After the trials and struggles of the day I made it into Silver City around midnight. I shared a coffee and a conversation with a local as I gorged myself with food and packed my bags for the final 220km stretch to Antelope Wells. My plan was to ride through the night and with any luck make it to the border before the southerly winds and the heat picked back up.
I took off into the night fuelled with burritos, and “5-Hour Energy” and the pure-adrenaline of the excitement of finishing. Of winning.
I charged down the Separ road, dodging jack-rabbits and sleep demons. I was tired but buzzing. I would have jacked my eyelids open with cactus spikes if I’d had to. Nothing was going to stop me.

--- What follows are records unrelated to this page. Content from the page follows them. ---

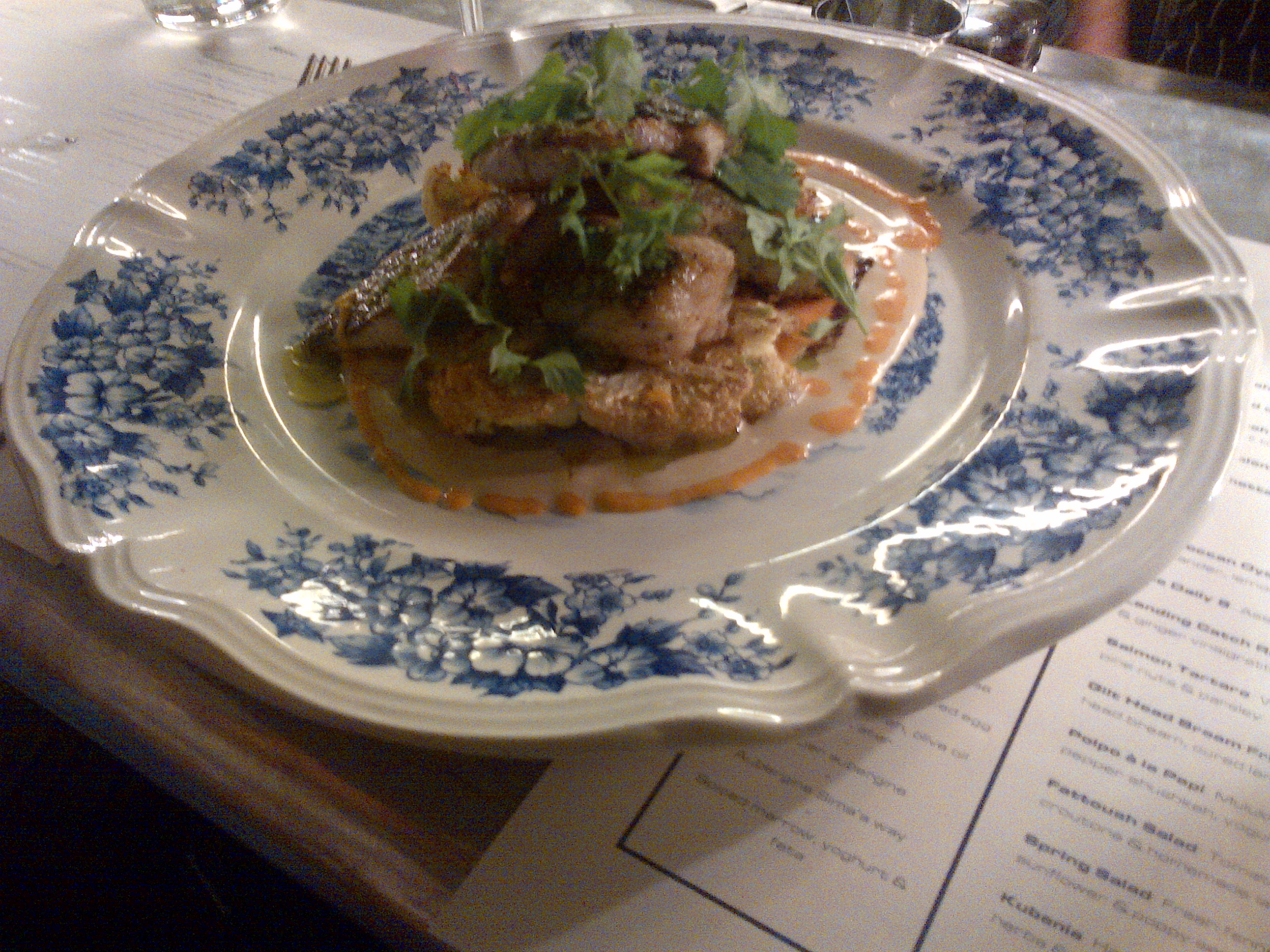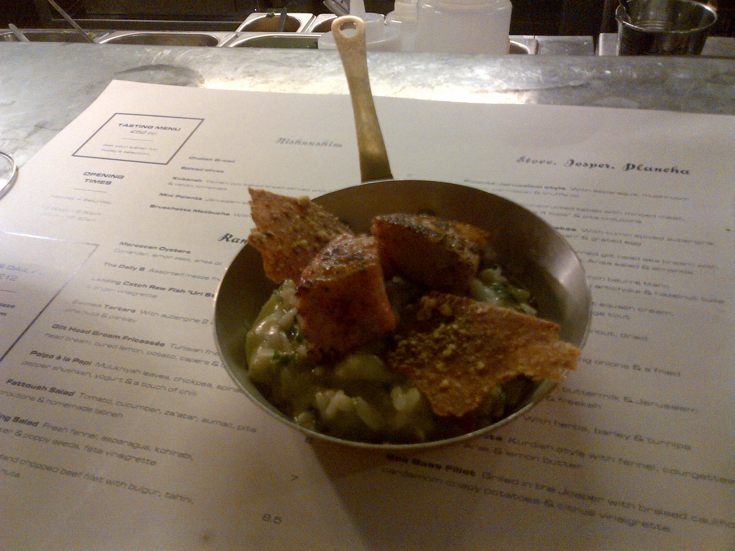 We ordered the seven course tasting menu to ensure we didn’t miss out on anything special. Each course was spectacular. Salmon carpaccio followed by “kubenia” (extremely finely hand chopped beef fillet with bulgur, tahini, herbs, pine nuts and tomato). This was really great as it was very unlike any raw beef dish I’d had before, and beautifully presented: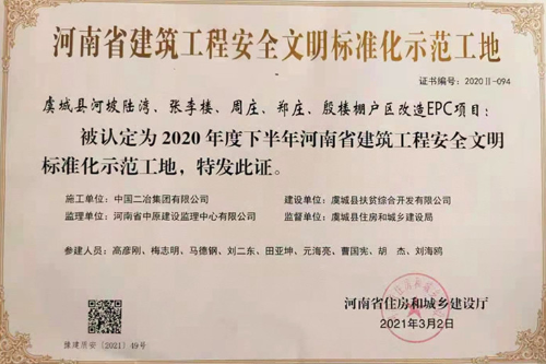 4月1日, 中國二冶鋼構(gòu)分公司承建的虞城棚改項目被河南省住房和城鄉(xiāng)建設(shè)廳評為 2020年下半年“省級建筑施工安全標(biāo)準(zhǔn)化示范工地”稱號 ,這是該項目部成立以來繼獲得商丘市“安全標(biāo)準(zhǔn)化示范工地”稱號后獲得的又一榮譽(yù),實現(xiàn)了該公司在中原地區(qū)省級安全文明施工獎項方面零的突破。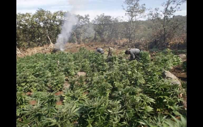 Jalisco | Los municipales destruyeron aproximado nueve mil 600 plantas del enervante Policías de Zapopan localizan dos plantíos de mariguana Los municipales destruyeron aproximado nueve mil 600 plantas del enervante Por: EL INFORMADOR 17 de agosto de 2012 - 11:48 hs Policías municipales destruyen los plantíos para presentar las evidencias y dar parte el Ministerio Público Federal. ARCHIVO / ZAPOPAN, JALISCO (17/AGO/2012).- Por la tarde de este jueves policías de Zapopan localizaron tres plantíos de vegetal verde con las características de la mariguana, destruyendo un aproximado de nueve mil 600 plantas del enervante. Efectivos de Seguridad Pública de Zapopan, en su recorrido de vigilancia por un cerro sin nombre a siete kilómetros al noreste del poblado de Ixcatán, encontraron el primer predio con una extensión aproximada de 20 por 50 metros y un aproximado de cuatro mil plantas, siendo este el más grande. Posteriormente, cercano a este lugar localizaron el segundo con una extensión de 20 por 40 metros y un aproximado de tres mil 200 plantas. Por último y también cercano a estos, localizaron un tercer plantío con una dimensión de alrededor de 20 por 40 y en su interior unas dos mil 400 plantas dando un total de los tres plantíos de nueve mil 600 plantas aproximadamente. Siendo los uniformados quienes aseguran y destruyen los plantíos para presentar las evidencias y dar parte el Ministerio Público Federal para su tramitación correspondiente. Temas Seguridad Decomisos de droga en Jalisco Policía de Zapopan Recibe las últimas noticias en tu e-mail Todo lo que necesitas saber para comenzar tu día Registrarse implica aceptar los Términos y Condiciones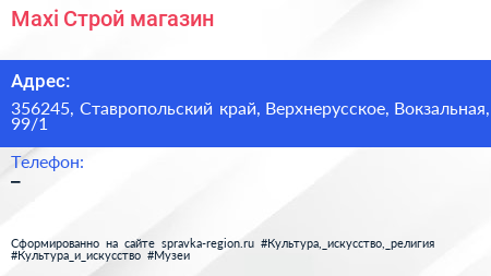 Maxi Строй, магазин по адресу 356245, Ставропольский край, Верхнерусское, Вокзальная, 99/1 в дальнейшем Организация, размещена в следующих категориях: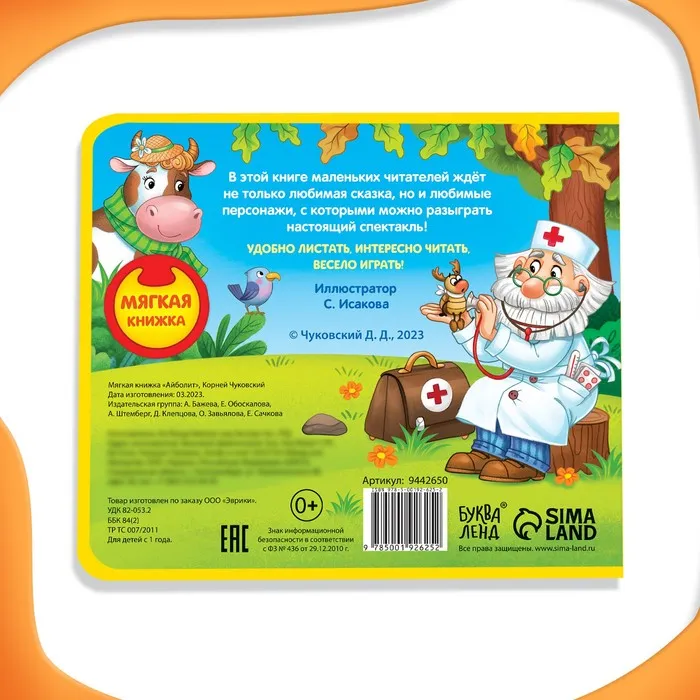 Мягкая книжка «Айболит», Корней Чуковский — Характеристики
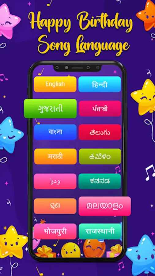 It also contains birthday songs of Indian languages like Hindi, Bengali, Gujarati, Kannada, Malayalam, Marathi, Punjabi, Tamil, Telugu, Rajasthani, Bhojpuri, Haryanvi and etc.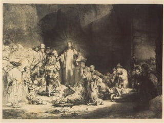 Rembrandt (1606-1669) Elseu pare era moliner. Malgrat el fet de provenir d'una família amb escassos mitjans, els seus pares li van procurar una educació acurada. Rembrandt va començar els seus estudis en l'Escola Llatina, i a l'edat de 14 anys va ser admès en la universitat de Leiden. No obstant açò la va abandonar prompte per a estudiar art, al principi amb un mestre local, Jacob van Swanenburch i després, a Amsterdam, amb Pieter Lastman , cèlebre per les seues pintures històriques. Després de sis mesos, després de dominar tot el que havia après, Rembrandt va tornar a Leiden, on prompte se li va tenir en tan alta consideració que, malgrat no tenir més de 22 anys, va començar a comptar amb els seus primers deixebles. Rembrandt va pintar més de 600 quadres i va produir nombrosos dibuixos i gravats .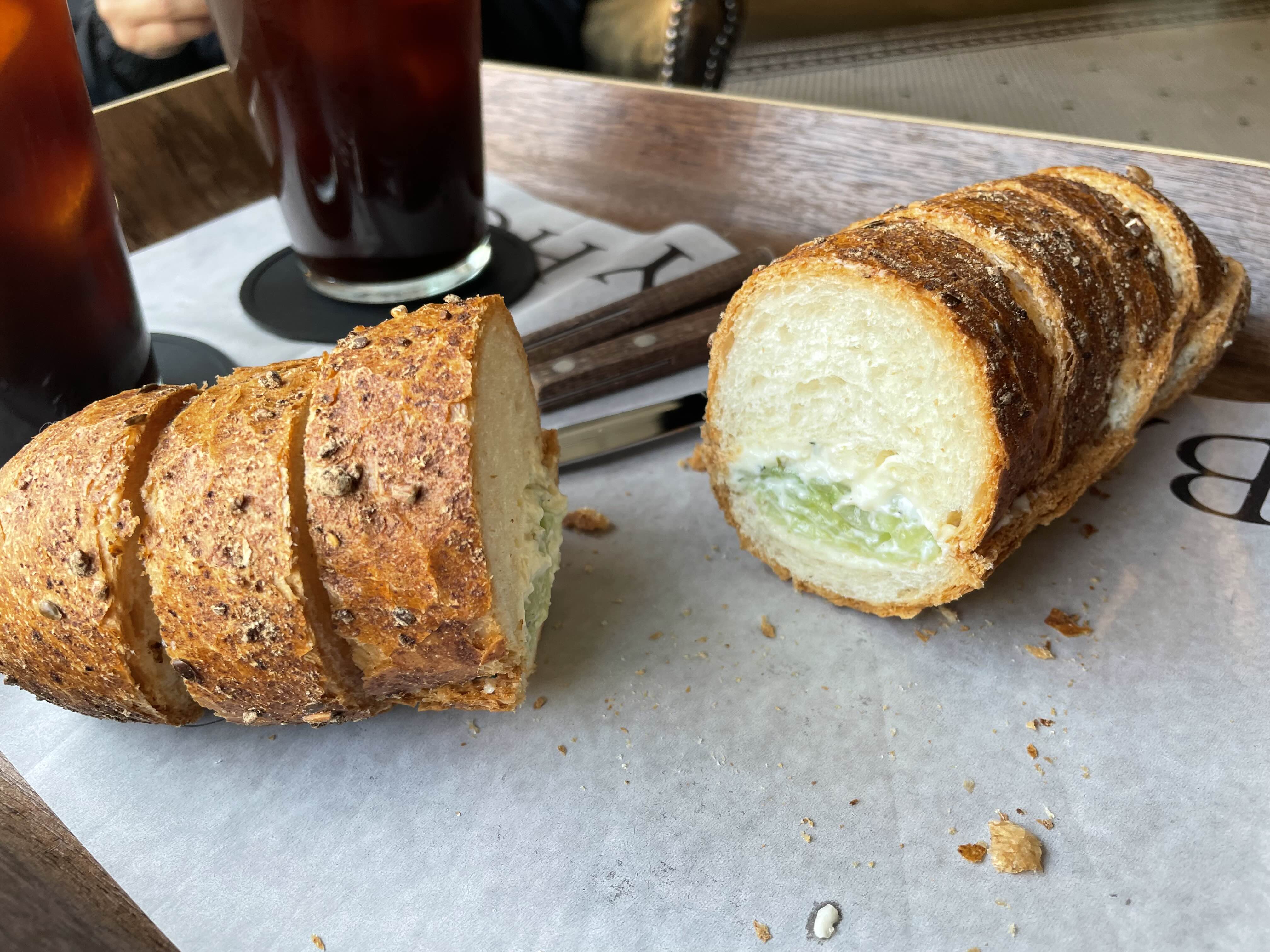 ✔️ 딱 내 양만큼 오이바게트 1/2개와 아메리카노 1잔을 시켜 먹는 게 좋은 경험이었다.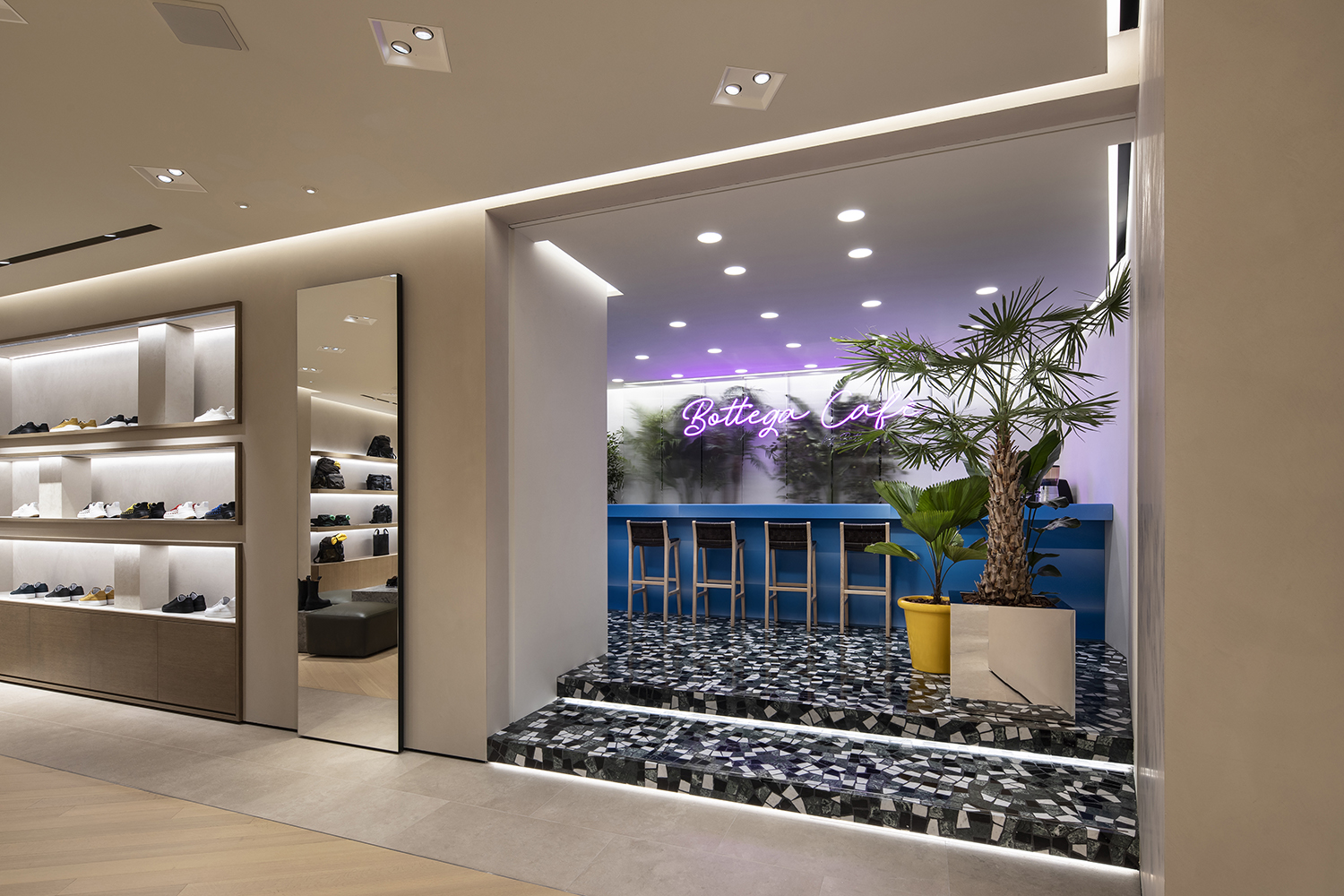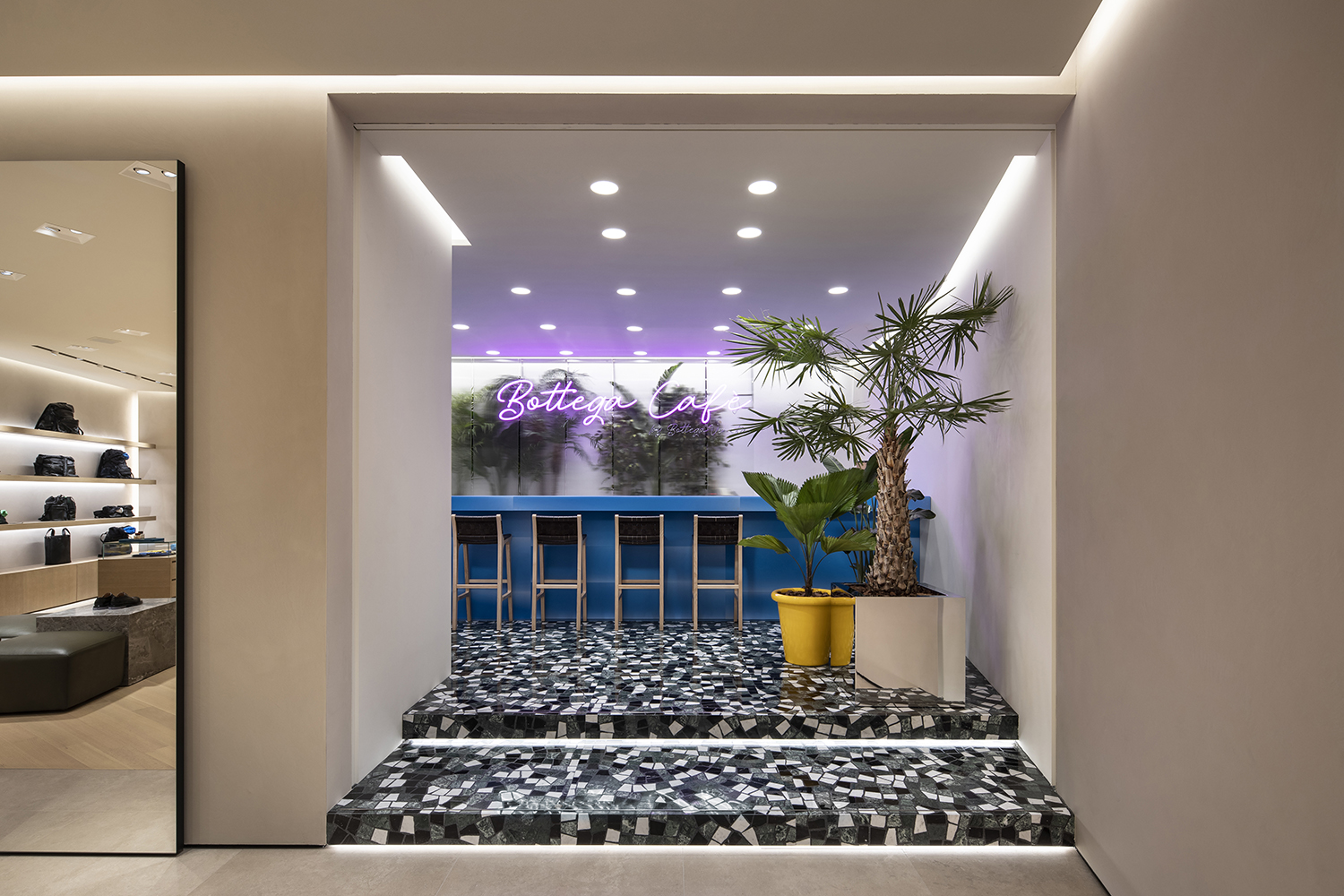 Bottega Cafè 是BOTTEGA VENETA 运营的全球首家咖啡馆业态,目前已于阪急男装的二层开业,具体位于BOTTEGA VENETA 旗舰店铺的后方。Bottega Cafè 的内饰参考意式风格打造,旨在让顾客感受奔放、时髦而热情的意大利氛围。Bottega Cafè 除了提供传统的意大利美食外,顾客还可品尝到正宗的意式提拉米苏与意式薄饼,以及来自品牌起源地Veneto 地区的葡萄酒和开胃菜等小食。而在假日季期间,Bottega Cafè 还会供应限定甜品佳肴『苺とピスタチオのトルタ』,近日有计划前往大阪的朋友不妨前去探访一番。

I turned onto the dead-straight, paved road leading south to Hachita as light began to fill the sky. The road stretched away to the horizon in front of me and above it soared the most majestic blue peaks. I got down into my aero bars and mashed the pedals. 28km/h, 30km/h, 35km/hr. I did the math, under 3 hours to the border at that pace, I was confident I could hold it for that long.
I emptied myself, tapping into a reservoir of strength and motivation I didn’t know I had. 50km to go. Nothing could stop me. 25km to go. Under an hour. I’d done it, or so I thought.
The Tour Divide had one last jab to throw before it would surrender. The wind lifted fiercely. A hot, dry blowdryer, roaring in my face. I was crawling. 20km/hr, 15km/hr. I only had a few small sips of water left. All the moisture was robbed from my mouth as I struggled forwards. I ran dry. My head slumped. This was torture.
I desperately pushed down on the pedals with all the effort I could summon but still felt like I was getting nowhere. Finally, a spec appeared on the horizon: the border station that is Antelope Wells. I drove hard, launched into a sprint and finished with an endo up to the border fence. I had done it. 15 days, 2 hours, 8 minutes.
My mouth had become so dry that I couldn’t talk. I’m not sure I could have found words to use if I could.
For 15 days I lived the most simple existence. When I was hungry, I ate. When I could no longer keep my eyes open, I slept. Beyond that my world was little more than pushing down on a pedal, and every time it came back around, pressing on it again, ad neuseam, remembering every now and again to look up and take in everything around me. I kept moving when I didn’t think I could, or didn’t know how, but somehow found a way, or didn’t have any other choice.
These words aren’t my own, but they sum up Tour Divide with poetic succinctness: “Amazingly beautiful scenery to be soul crushed in”.
I’ve got a feeling that I’ll be back.